7) Authorization (strict)
- The website may hide/disable UI for UX.
- The website MUST NOT enforce security.
- The API enforces authentication and authorization.
See docs/architecture/shared/BLOCKERS_AND_GUARDS.md and docs/architecture/website/BLOCKERS.md.
7.1) Client state (strict)
Client-side state is allowed only for UI concerns.
Allowed:
- selection
- open/closed dialogs
- transient form state
- optimistic flags and loading spinners
Forbidden:
- treating client state as business truth
- using client state as an authorization decision
- persisting client state as the source of truth
Hard rule:
- any truth returned by the API MUST overwrite client assumptions.
Canonical placement in this repo:
apps/website/lib/blockers/**for UX-only prevention helpersapps/website/lib/hooks/**for React-only utilitiesapps/website/lib/command-models/**for transient form models
See CLIENT_STATE.md.
8) DI contract (Inversify) (strict)
The DI system under apps/website/lib/di/index.ts is client-first.

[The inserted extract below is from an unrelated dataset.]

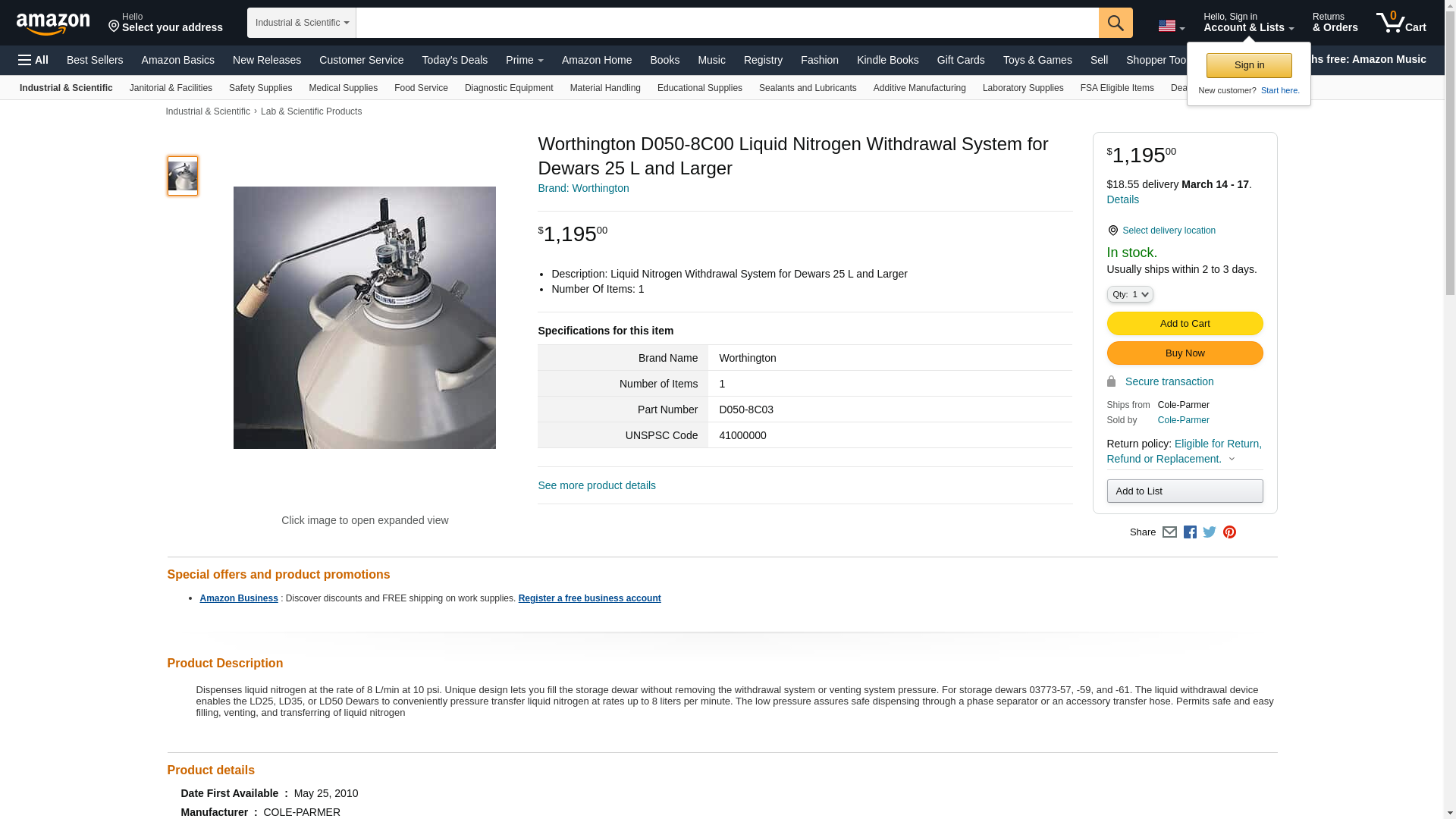 Worthington D050-8C00 Liquid Nitrogen Withdrawal System for Dewars 25 L and Larger

Server execution is concurrent. Any shared singleton container can leak cross-request state.
Rules:
- Server
app/**/page.tsxMUST NOT access the container. - Page Queries SHOULD prefer manual wiring.

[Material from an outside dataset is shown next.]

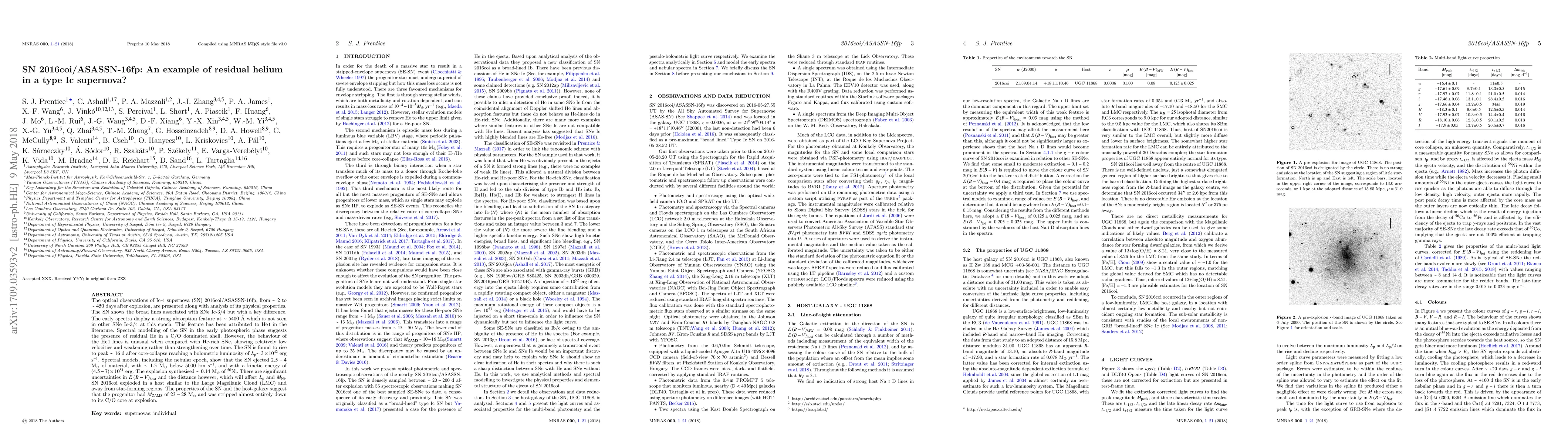 This paper investigates the peculiar Type Ic supernova SN 2016coi/ASASSN-16fp, noting its strong He I absorption feature indicative of residual helium in a C/O dominated shell. The analysis suggests the progenitor was a massive star stripped down to its core, with the supernova ejecting significant material and synthesizing a notable amount of nickel.

- Client modules MAY use DI via
ContainerProviderand hooks. ContainerManager.getContainer()is client-only.- Any server DI usage MUST be request-scoped (a fresh container per request).
Hard constraint:
- A singleton Inversify container MUST NOT be used to serve concurrent server requests.
See WEBSITE_DI_RULES.md.
9) Non-negotiable rules (final)
- The API is the brain.
- The website is a terminal.
- API Transport DTOs never reach Templates.

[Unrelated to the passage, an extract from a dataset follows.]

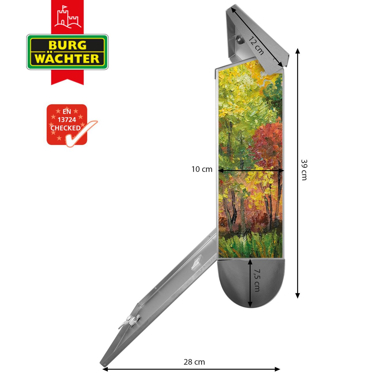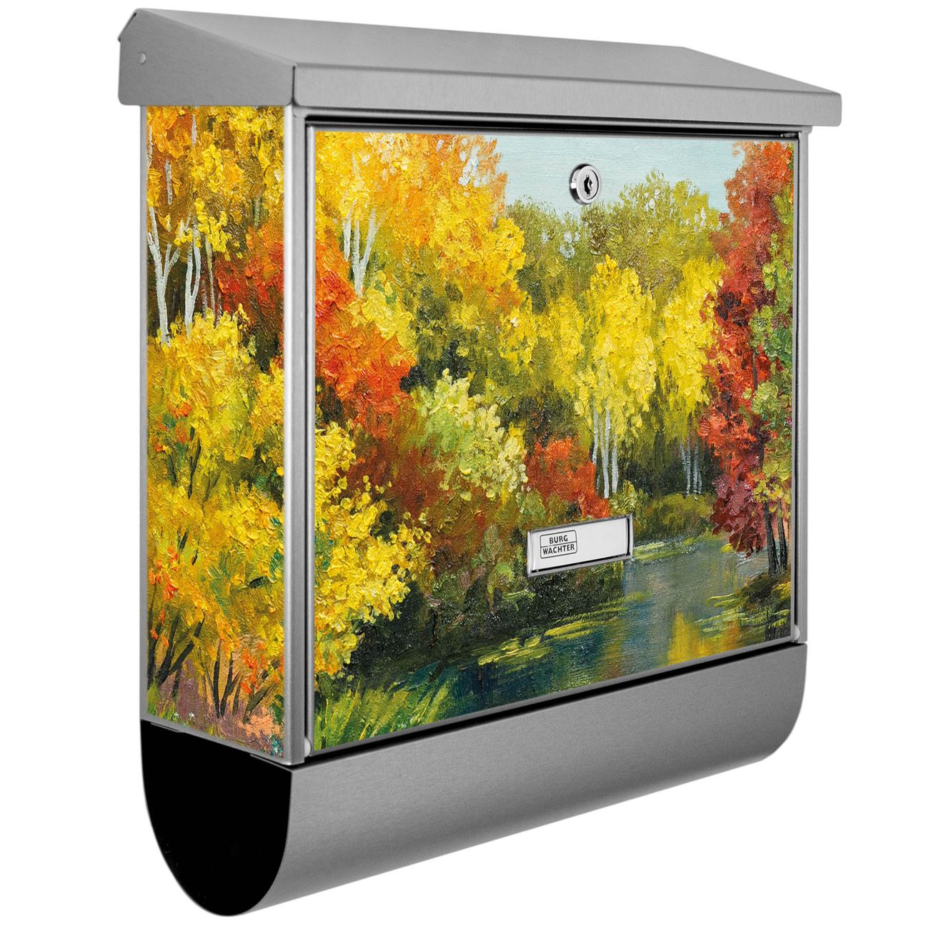 Der BURG-WÄCHTER Edelstahl Briefkasten mit Motiv Kanal Im Herbst und Zeitungsrolle bietet Ihnen mit seinem Fassungsvermögen genügend Platz auch für große A4 Sendungen und Zeitschriften. Das integrierte Regendach schützt Ihre Post vor dem Eindringen von Regen.

- Templates accept ViewData only.
- Page Queries do not format; they only compose.
- All operations return
Result<T, E>for type-safe error handling. - ViewData Builders transform API DTO → ViewData (RSC).
- ViewModel Builders transform API DTO → ViewModel (Client).
- Builders are pure and deterministic.
- Server Actions are the only write entry point.
- Server Actions must use Mutations (not Services directly).
- Mutations orchestrate Services for writes.
- Authorization always belongs to the API.